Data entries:
■ ■ ■ ■ ■

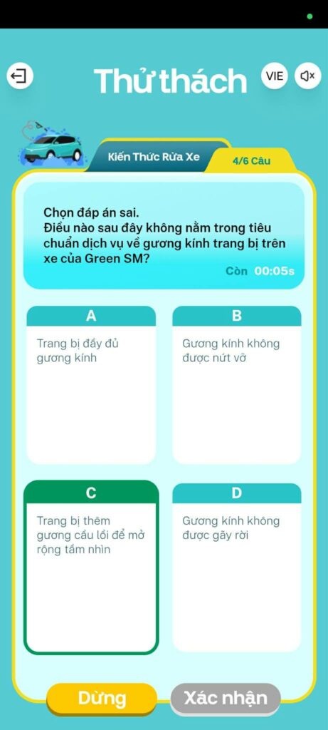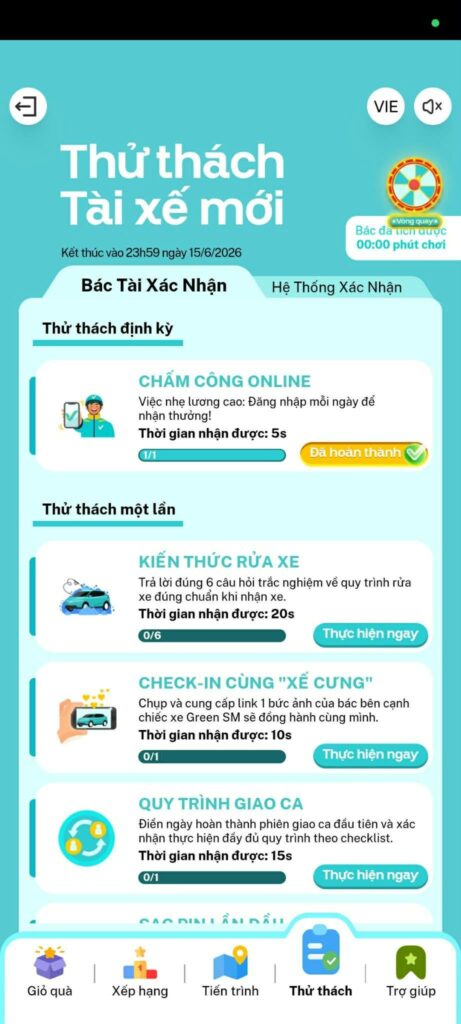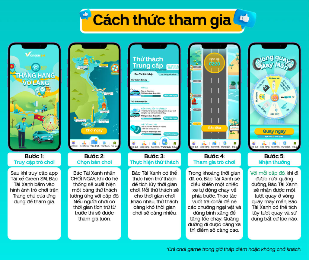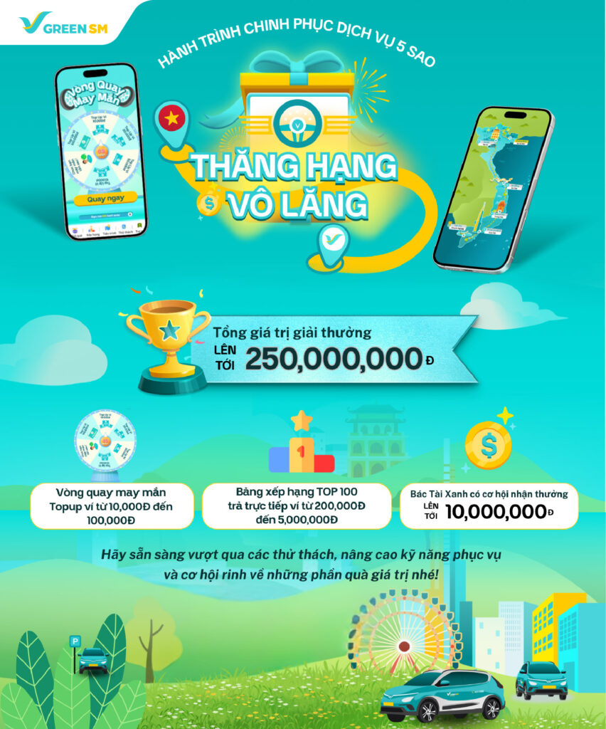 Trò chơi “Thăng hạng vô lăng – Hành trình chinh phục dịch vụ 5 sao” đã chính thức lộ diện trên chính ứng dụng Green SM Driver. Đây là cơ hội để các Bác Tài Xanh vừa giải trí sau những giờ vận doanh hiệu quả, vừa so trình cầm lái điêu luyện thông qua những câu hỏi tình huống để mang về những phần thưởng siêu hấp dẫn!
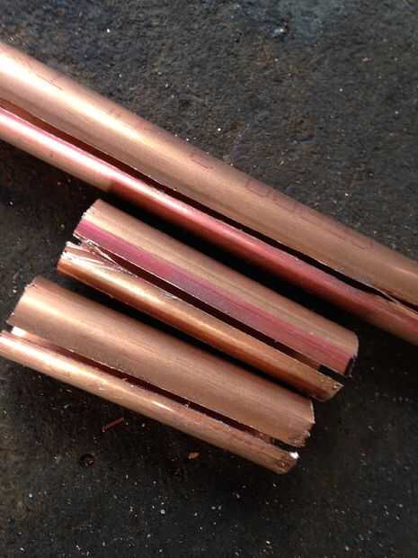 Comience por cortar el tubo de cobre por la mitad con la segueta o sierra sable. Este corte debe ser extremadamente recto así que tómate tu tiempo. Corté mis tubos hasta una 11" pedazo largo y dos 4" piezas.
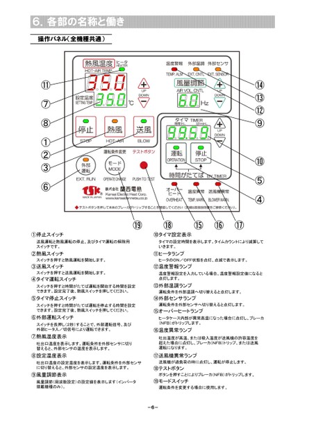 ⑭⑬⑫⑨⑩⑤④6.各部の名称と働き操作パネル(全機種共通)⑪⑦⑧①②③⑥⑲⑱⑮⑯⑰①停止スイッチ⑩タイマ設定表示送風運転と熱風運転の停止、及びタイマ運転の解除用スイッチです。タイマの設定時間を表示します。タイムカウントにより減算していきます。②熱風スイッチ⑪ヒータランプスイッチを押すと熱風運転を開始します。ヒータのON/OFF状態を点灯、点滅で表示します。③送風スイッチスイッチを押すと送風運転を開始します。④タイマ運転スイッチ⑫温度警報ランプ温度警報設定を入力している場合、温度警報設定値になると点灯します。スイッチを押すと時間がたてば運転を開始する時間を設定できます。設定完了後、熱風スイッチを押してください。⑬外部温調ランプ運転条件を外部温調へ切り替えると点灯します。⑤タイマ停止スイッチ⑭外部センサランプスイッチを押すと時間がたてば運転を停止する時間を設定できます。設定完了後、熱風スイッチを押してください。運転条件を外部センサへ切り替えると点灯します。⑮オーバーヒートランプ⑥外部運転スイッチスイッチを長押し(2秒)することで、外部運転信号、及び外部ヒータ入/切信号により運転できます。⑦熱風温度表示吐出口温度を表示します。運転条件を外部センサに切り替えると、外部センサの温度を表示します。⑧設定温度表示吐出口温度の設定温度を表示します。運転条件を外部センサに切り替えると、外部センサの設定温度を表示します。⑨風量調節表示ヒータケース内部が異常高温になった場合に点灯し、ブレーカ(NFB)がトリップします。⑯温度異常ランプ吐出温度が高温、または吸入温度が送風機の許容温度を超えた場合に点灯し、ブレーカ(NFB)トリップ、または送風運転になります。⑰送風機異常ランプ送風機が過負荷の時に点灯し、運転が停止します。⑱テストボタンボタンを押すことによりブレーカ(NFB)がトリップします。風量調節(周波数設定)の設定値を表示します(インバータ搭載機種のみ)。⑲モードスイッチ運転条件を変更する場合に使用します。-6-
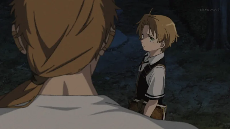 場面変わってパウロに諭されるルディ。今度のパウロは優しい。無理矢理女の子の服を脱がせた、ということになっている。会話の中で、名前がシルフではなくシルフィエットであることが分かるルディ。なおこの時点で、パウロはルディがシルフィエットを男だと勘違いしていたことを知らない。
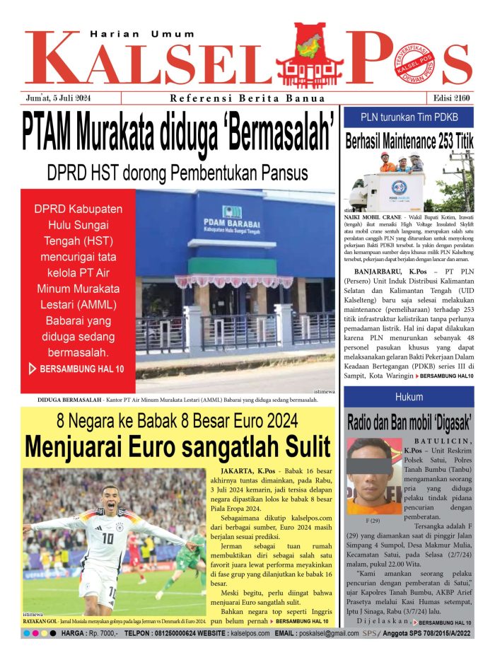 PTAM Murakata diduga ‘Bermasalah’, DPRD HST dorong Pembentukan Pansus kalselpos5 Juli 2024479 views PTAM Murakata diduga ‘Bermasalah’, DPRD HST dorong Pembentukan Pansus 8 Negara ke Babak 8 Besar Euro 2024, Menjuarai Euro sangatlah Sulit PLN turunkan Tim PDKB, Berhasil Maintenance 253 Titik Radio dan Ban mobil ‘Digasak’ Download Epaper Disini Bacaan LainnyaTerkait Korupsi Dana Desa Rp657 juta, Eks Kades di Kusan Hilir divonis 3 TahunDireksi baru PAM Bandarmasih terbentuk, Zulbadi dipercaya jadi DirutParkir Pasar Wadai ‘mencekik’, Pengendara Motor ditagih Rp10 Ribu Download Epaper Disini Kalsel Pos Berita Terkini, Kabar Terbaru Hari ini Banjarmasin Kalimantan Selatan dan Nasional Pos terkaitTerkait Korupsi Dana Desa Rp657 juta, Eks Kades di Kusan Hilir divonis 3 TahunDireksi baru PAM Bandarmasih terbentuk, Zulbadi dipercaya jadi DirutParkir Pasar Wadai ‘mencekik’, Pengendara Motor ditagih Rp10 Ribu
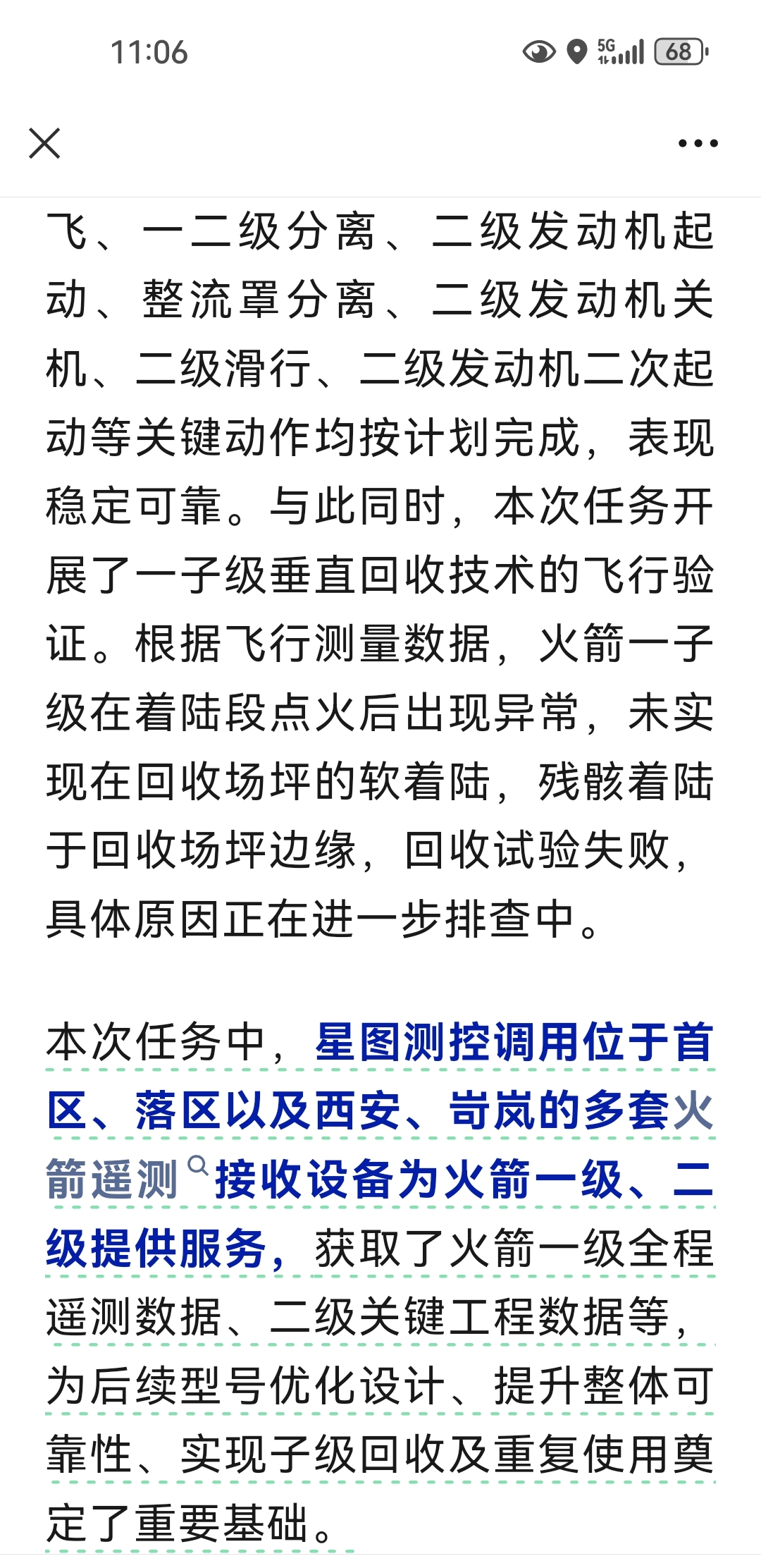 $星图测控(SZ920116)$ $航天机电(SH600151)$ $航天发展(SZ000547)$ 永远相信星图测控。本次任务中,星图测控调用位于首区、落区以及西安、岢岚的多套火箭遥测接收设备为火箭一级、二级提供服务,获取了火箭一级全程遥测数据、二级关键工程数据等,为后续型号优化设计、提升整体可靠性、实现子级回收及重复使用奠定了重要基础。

■ ■ ■ ■ ■

■ GOAL OF THE EXERCISE: With pictures removed, write out exactly each line of the entries from the first through the line that holds "場面変わってパウロに諭される".

■ RESPONSE TO THIS EXERCISE:
 Trò chơi “Thăng hạng vô lăng – Hành trình chinh phục dịch vụ 5 sao” đã chính thức lộ diện trên chính ứng dụng Green SM Driver. Đây là cơ hội để các Bác Tài Xanh vừa giải trí sau những giờ vận doanh hiệu quả, vừa so trình cầm lái điêu luyện thông qua những câu hỏi tình huống để mang về những phần thưởng siêu hấp dẫn!
 Comience por cortar el tubo de cobre por la mitad con la segueta o sierra sable. Este corte debe ser extremadamente recto así que tómate tu tiempo. Corté mis tubos hasta una 11" pedazo largo y dos 4" piezas.
 ⑭⑬⑫⑨⑩⑤④6.各部の名称と働き操作パネル(全機種共通)⑪⑦⑧①②③⑥⑲⑱⑮⑯⑰①停止スイッチ⑩タイマ設定表示送風運転と熱風運転の停止、及びタイマ運転の解除用スイッチです。タイマの設定時間を表示します。タイムカウントにより減算していきます。②熱風スイッチ⑪ヒータランプスイッチを押すと熱風運転を開始します。ヒータのON/OFF状態を点灯、点滅で表示します。③送風スイッチスイッチを押すと送風運転を開始します。④タイマ運転スイッチ⑫温度警報ランプ温度警報設定を入力している場合、温度警報設定値になると点灯します。スイッチを押すと時間がたてば運転を開始する時間を設定できます。設定完了後、熱風スイッチを押してください。⑬外部温調ランプ運転条件を外部温調へ切り替えると点灯します。⑤タイマ停止スイッチ⑭外部センサランプスイッチを押すと時間がたてば運転を停止する時間を設定できます。設定完了後、熱風スイッチを押してください。運転条件を外部センサへ切り替えると点灯します。⑮オーバーヒートランプ⑥外部運転スイッチスイッチを長押し(2秒)することで、外部運転信号、及び外部ヒータ入/切信号により運転できます。⑦熱風温度表示吐出口温度を表示します。運転条件を外部センサに切り替えると、外部センサの温度を表示します。⑧設定温度表示吐出口温度の設定温度を表示します。運転条件を外部センサに切り替えると、外部センサの設定温度を表示します。⑨風量調節表示ヒータケース内部が異常高温になった場合に点灯し、ブレーカ(NFB)がトリップします。⑯温度異常ランプ吐出温度が高温、または吸入温度が送風機の許容温度を超えた場合に点灯し、ブレーカ(NFB)トリップ、または送風運転になります。⑰送風機異常ランプ送風機が過負荷の時に点灯し、運転が停止します。⑱テストボタンボタンを押すことによりブレーカ(NFB)がトリップします。風量調節(周波数設定)の設定値を表示します(インバータ搭載機種のみ)。⑲モードスイッチ運転条件を変更する場合に使用します。-6-
 場面変わってパウロに諭されるルディ。今度のパウロは優しい。無理矢理女の子の服を脱がせた、ということになっている。会話の中で、名前がシルフではなくシルフィエットであることが分かるルディ。なおこの時点で、パウロはルディがシルフィエットを男だと勘違いしていたことを知らない。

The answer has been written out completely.